The bill now before us, my lords, will, therefore, be equally pernicious in its immediate and remoter consequences; it will first corrupt the people, and destroy our trade, and afterwards intercept that fund which is appropriated to the most useful and desirable of all political purposes, the gradual alleviation of the publick debt.
I hope, my lords, that a bill of this portentous kind, a bill big with innumerable mischiefs, and without one beneficial tendency, will be rejected by this house, without the form of commitment; that it will not be the subject of a debate amongst us, whether we shall consent to poison the nation; and that instead of inquiring, whether the measures which are now pursued by the ministry ought to be supported at the expense of virtue, tranquillity, and trade, we should examine, whether they are not such as ought to be opposed for their own sake, even without the consideration of the immense sums which they apparently demand.
I am, indeed, of opinion, that the success of the present schemes will not be of any benefit to the nation, and believe, likewise, that there is very little prospect of success. I am, at least, convinced, that no advantage can countervail the mischiefs of this detestable bill; which, therefore, I shall steadily oppose, though I have already dwelt upon this subject perhaps too long; yet as I speak only from an unprejudiced regard to the publick, I hope, if any new arguments shall be attempted, that I shall be allowed the liberty of making a reply.
Lord BATHURST replied to the following purport:—My lords, I doubt not but the noble lord has delivered, on this occasion, his real sentiments, and that, in his opinion, the happiness of our country, the regard which ought always to be paid to the promotion of virtue, require that this bill should be rejected. I am far from suspecting, that such an appearance of zeal can conceal any private views, or that such pathetick exclamations can proceed but from a mind really affected with honest anxiety.
This anxiety, my lords, I shall endeavour to dissipate before it has been communicated to others; for I think it no less the duty of every man who approves the publick measures, to vindicate them from misrepresentation, than of him to whom they appear pernicious or dangerous, to warn his fellow-subjects of that danger.
I, my lords, am one of those who are convinced that the bill now before us, which has been censured as fundamentally wrong, is in reality fundamentally right; that the end which is proposed by it is just, and the means which are prescribed in it will accomplish the purpose for which they were contrived.

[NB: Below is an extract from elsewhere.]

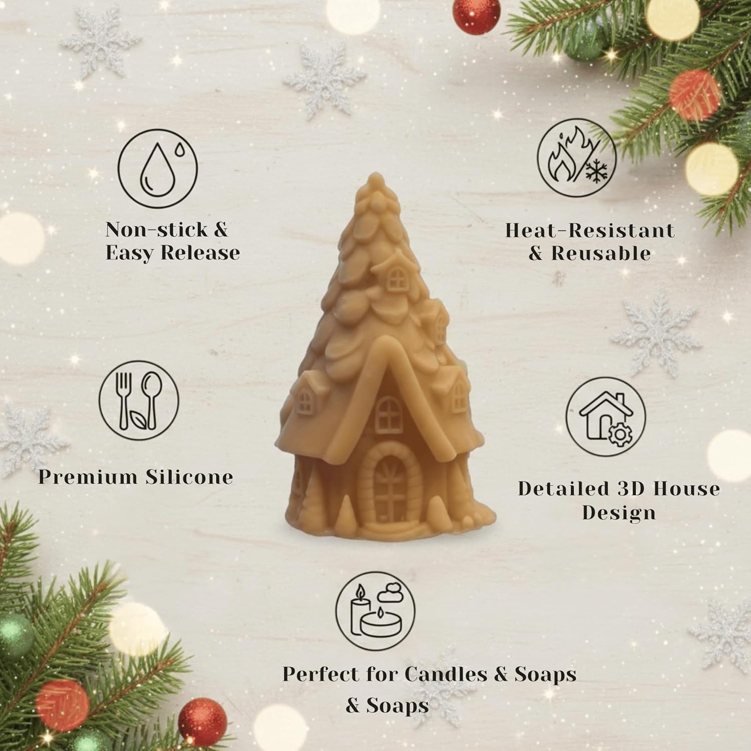 3D Christmas House Silicone Mould for Candle and Soap Making, 12×6 cm, Heat-Resistant, Non-Stick, DIY Holiday Craft Tool

The end of this bill, my lords, is to diminish the consumption of distilled spirits, to restrain the populace of these kingdoms from a liquor which, when used in excess, has a malignity to the last degree dangerous, which at once inebriates and poisons, impairs the force of the understanding, and destroys the vigour of the body; and to attain this, I think it absolutely right to lay a tax upon these liquors.
Of the vice of drunkenness, my lords, no man has a stronger abhorrence than myself; of the pernicious consequences of these liquors, which are now chiefly used by the common people, no man is more fully convinced, and therefore, none can more zealously wish that drunkenness may be suppressed, and distilled spirits withheld from the people.
The disorders mentioned by the noble lord, are undoubtedly the consequences of the present use of these liquors, but these are not its worst effects. The offenders against the law, may by the law be sometimes reclaimed, and at other times cutoff; nor can these practices, however injurious to particular persons, in any great degree impair the general happiness. The worst effects, therefore, of the use of spirits, are that idleness and extravagance which it has introduced among the common people, by which our commerce must be obstructed, and our present riches and plenty every day diminished.
This pernicious practice, my lords, is disseminated farther than could be reasonably believed by those whose interest has not incited, or curiosity induced them to inquire into the practice of the different classes of men. It is well known, that the farmers have been hitherto distinguished by the virtues of frugality, temperance, and industry; that they laboured hard, and spent little; and were, therefore, justly considered as an innocent and useful part of the community, whose employment and parsimony preserved them in a great measure from the general infection of vice which spread its influence among the traders and men of estates.